Она стала работать локтями, двигая ими вверх-вниз, вверх-вниз. Дюймов на этот раз не получилось. Сдвинулись сантиметры, потом миллиметры земли. Ей приходилось держать ладони перед лицом, чтобы дышать. Но в какой-то момент она поняла, что надо копать руками.

Один час. Столько ей дала Чарли. Время Сэм наверняка уже заканчивалось. Ее ладони были горячими и мокрыми от испарений. Голова кружилась.

Сэм сделала последний глубокий вдох.

Оттолкнула руки от лица.

С трудом отвернула ладони от себя: казалось, запястья вот-вот сломаются.

Она сжала губы, стиснула зубы и впилась ногтями в землю, яростно пытаясь ее разгрести.

Но земля сопротивлялась.

Плечи пылали от боли. Трапециевидные мышцы. Ромбовидные мышцы. Лопатки. В бицепсы впивалось раскаленное железо. Ногти обламывались. Кожа на костяшках пальцев ободралась. Легкие были готовы схлопнуться.

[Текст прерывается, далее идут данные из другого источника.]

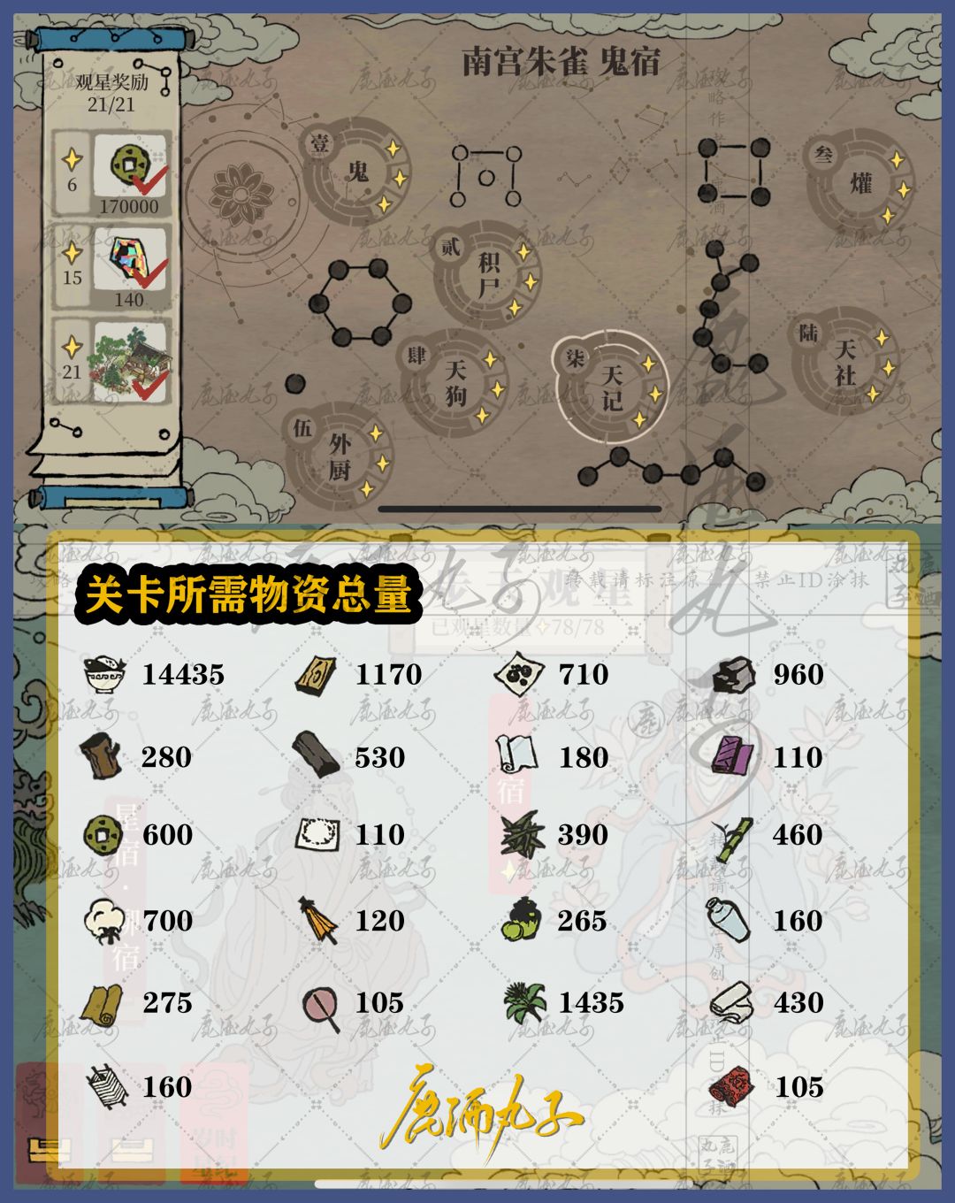 🌿鬼宿关卡所需物资:
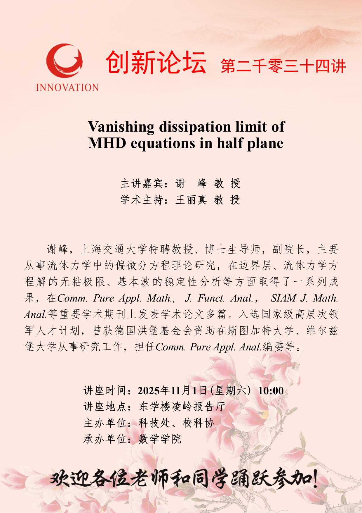 谢 峰 教 授 乐动网页版登录入口创新论坛第二千零三十四讲:Vanishing dissipation limit of MHD equations in half plane 讲座时间 2025年11月1日(星期六) 10:00 讲座地点 东学楼凌岭报告厅 讲座人介绍 谢 峰 教 授 讲座内容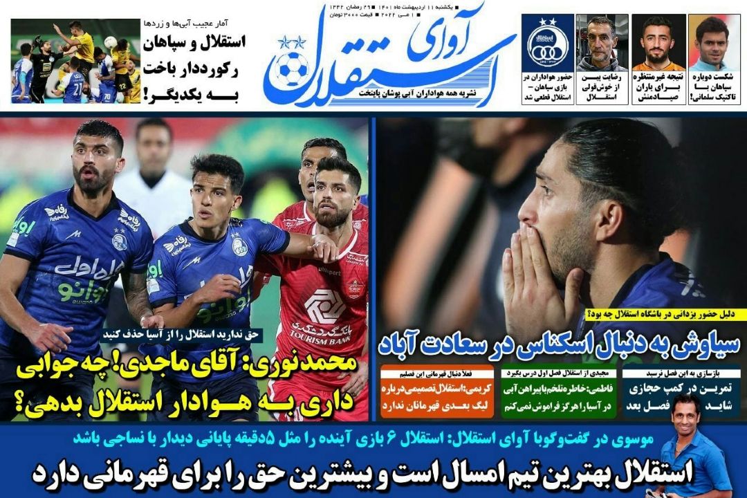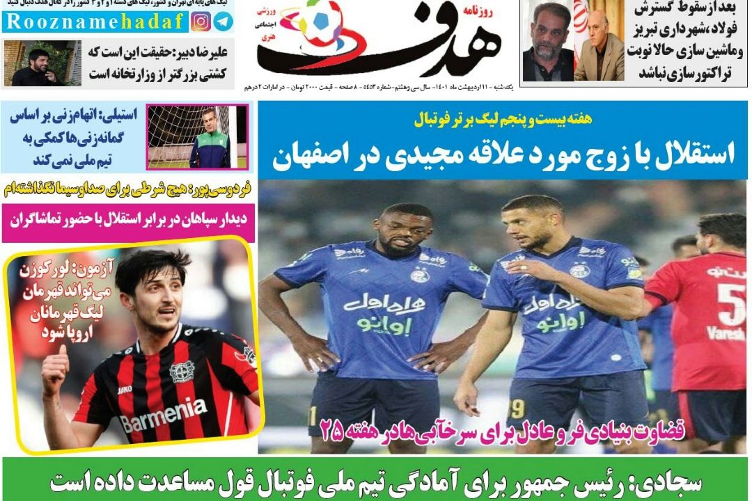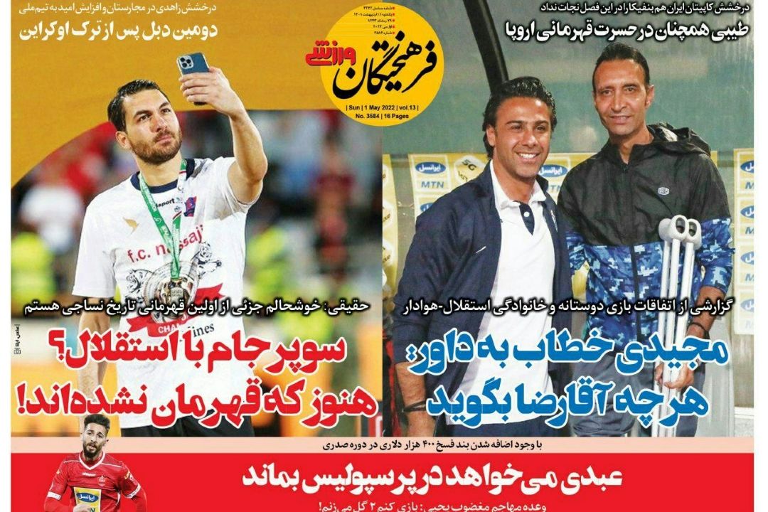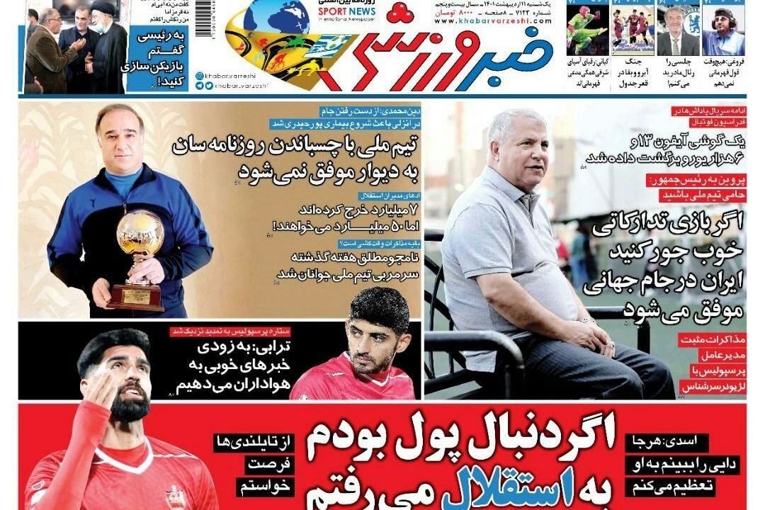 تصویر نیم صفحه روزنامه‌های ورزشی امروز به رشته‌های مختلف ورزشی اختصاص یافته است.

Она больше не может сдерживать дыхание. Она больше не может бороться. Она устала. Она одна. Мама умерла. Сестры нет. Сэм начала кричать, сначала мысленно, потом в реальности. Она была очень зла: в ярости на мать, которая схватилась за дробовик, в гневе на отца, который навлек этот ад на их дом, в негодовании на Чарли за ее слабость и в гребаном бешенстве из-за того, что ей теперь придется умереть в этой гребаной могиле.

Неглубокой могиле.

Вдруг она почувствовала пальцами руки прохладный воздух.

Она прорвалась через почву. Меньше двух футов отделяли Сэм от жизни или смерти.

Но радоваться было некогда. Не было больше воздуха в легких, не было надежды, если она не продолжит копать.

Она начала смахивать пальцами всякий сор. Листья. Сосновые шишки. Убийца пытался скрыть свежую могилу, не рассчитывая, что зарытая там девочка вылезет наружу. Она набрала полную горсть земли, потом еще одну, еще и еще, пока наконец не смогла поднять себя наверх одним последним рывком пресса.

Сэм поперхнулась внезапным потоком свежего воздуха. Она выплюнула землю с кровью. Волосы ее были спутаны. Она потрогала голову сбоку. Мизинец соскользнул в крошечную дырочку. Внутри нее кость была гладкой. Здесь вошла пуля. Ей выстрелили в голову.

Ей выстрелили в голову.

Сэм отдернула руку. Она не осмелилась вытирать глаза. Прищурившись, поглядела вдаль. Смутные очертания деревьев. Она увидела перед собой две жирные точки света, они плыли перед ее лицом, словно ленивые шмели.

Она услышала, как где-то рядом течет вода, отдаваясь эхом, будто бы через тот тоннель под метеовышкой, который ведет к асфальтированной дороге.

Мимо проплыла еще пара световых пятен. Это не шмели.

Это фары.

Глава первая

28 лет спустя

Чарли Куинн шла по темным утренним коридорам Пайквилльской средней школы, охваченная гнетущей тревогой. Это было не чувство стыда после бурно проведенной ночи. Это было чувство глубоко укоренившегося сожаления. Вполне уместное, потому что первый раз она занималась сексом с мальчиком, с которым этого делать было не надо, как раз в этом здании. А точнее, в спортзале: отец оказался прав, когда предупреждал ее о том, как опасно гулять поздней ночью.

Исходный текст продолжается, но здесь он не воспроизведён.